Aussi que doit-on entendre par « l'année précédant son départ » ? S'agit-il de l'année précédant son départ en maladie ou de l'année précédant son départ définitif de la SCM ? Je serai plutôt favorable à la seconde hypothèse, ce qui signifie que vous ne lui devez aucune indemnité, celle-ci ayant cessé son activité en janvier 2005. Votre associée n'a en effet pas participé à la réalisation du chiffre d'affaires du cabinet : elle n'a perçu aucun honoraire durant les années 2005 et 2006. Cette solution me semble d'autant plus défendable que, d'après vos propos, vous avez été contraintes de vous séparer de la totalité (ou d'une partie ?) de sa clientèle après son départ.

Nous sommes plusieurs infirmières libérales exerçant dans la région PACA. Récemment, nous avons été très choquées de découvrir que des infirmières salariées de plusieurs centres de soins faisaient de la publicité dans la presse locale.
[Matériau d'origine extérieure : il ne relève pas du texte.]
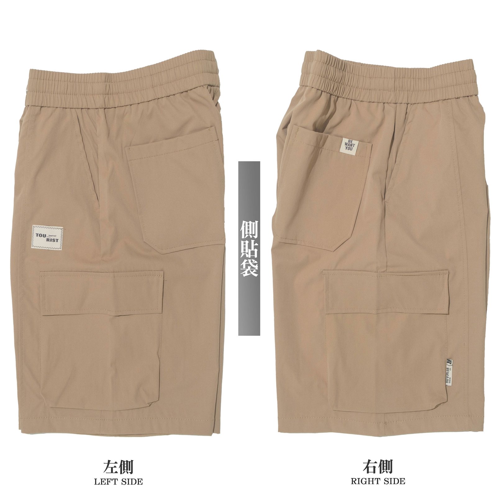 sun-e雙邊口袋鬆緊五分褲 彈性工作短褲 側袋褲 休閒短褲 多口袋工作褲 側貼袋休閒褲 口袋褲 Cargo Shorts Cargo Pants Short Pants (312-7217-16)卡其色 XL 2L (腰圍:76~89公分 / 30~35英吋) 男 [實體店面保障]

Nous avons contacté ces infirmières afin de leur rappeler l'interdiction faite à la profession de toute publicité. Celles-ci n'étaient même pas au courant des insertions parues en leur nom. Nous avons alors pris contact avec lesdits centres de soins qui nous ont indiqué que la publicité concernant les infirmières n'était réglementée que concernant l'exercice libéral et en aucun cas l'exercice salarié de la profession. Qu'en est-il en réalité ?
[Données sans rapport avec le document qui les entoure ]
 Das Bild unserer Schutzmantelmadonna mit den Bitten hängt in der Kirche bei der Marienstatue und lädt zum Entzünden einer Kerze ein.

-> La profession infirmière a par définition un caractère non commercial, et pour respecter le principe fondamental de toute activité libérale du libre choix du praticien par le patient, toute forme de publicité est prohibée par les textes. Conformément à l'article R. 4312-37 du Code de la Santé publique, « la profession d'infirmier ou d'infirmière ne doit pas être pratiquée comme un commerce. Tous les procédés directs ou indirects de réclame ou de publicité sont interdits aux infirmiers ou infirmières (...) ». Néanmoins, « l'infirmier qui s'installe, qui change d'adresse, qui se fait remplacer ou qui souhaite faire connaître des horaires de permanence peut procéder à deux insertions consécutives dans la presse ». Si cette disposition ne concerne effectivement que les infirmières libérales, cela ne signifie pas pour autant que les infirmières salariées soient autorisées à avoir recours à la publicité.
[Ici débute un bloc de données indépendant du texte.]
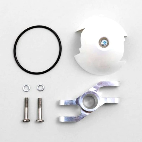 The Z-spinner contains a spinner cap (diameter 42 mm) made of white plastic (very easy to paint), milled aluminium centre piece with integrated holder for clamping cone, special prop rubber for folding the propeller blades, mounting screws for spinner cap and propeller blades.

Au contraire, les infirmières salariées ne peuvent bien évidemment avoir recours à aucun procédé de publicité, n'ayant par ailleurs aucun intérêt personnel à se faire connaître, à l'instar de l'infirmière libérale qui s'installe et qui doit constituer une clientèle. Cette interdiction de publicité faite aux infirmières par le Code de la Santé publique concerne toutes les infirmières, même si des modalités particulières sont prévues pour les infirmières libérales qui s'installent, et doit être rapprochée de celle faite aux médecins par le Code de la Santé publique, quel que soit leur mode d'exercice : « La médecine ne doit pas être pratiquée comme un commerce. Sont interdits tous procédés directs ou indirects de publicité et notamment tout aménagement ou signalisation donnant aux locaux une apparence commerciale » (article R. 4127-19). Le Code va plus loin encore en précisant en son article R. 4127-20 que : « Le médecin doit veiller à l'usage qui est fait de son nom, de sa qualité ou de ses déclarations. Il ne doit pas tolérer que les organismes, publics ou privés, où il exerce ou auxquels il prête son concours utilisent à des fins publicitaires son nom ou son activité professionnelle. » C'est exactement ce qu'ont fait les centres de soins auxquels vous faites référence.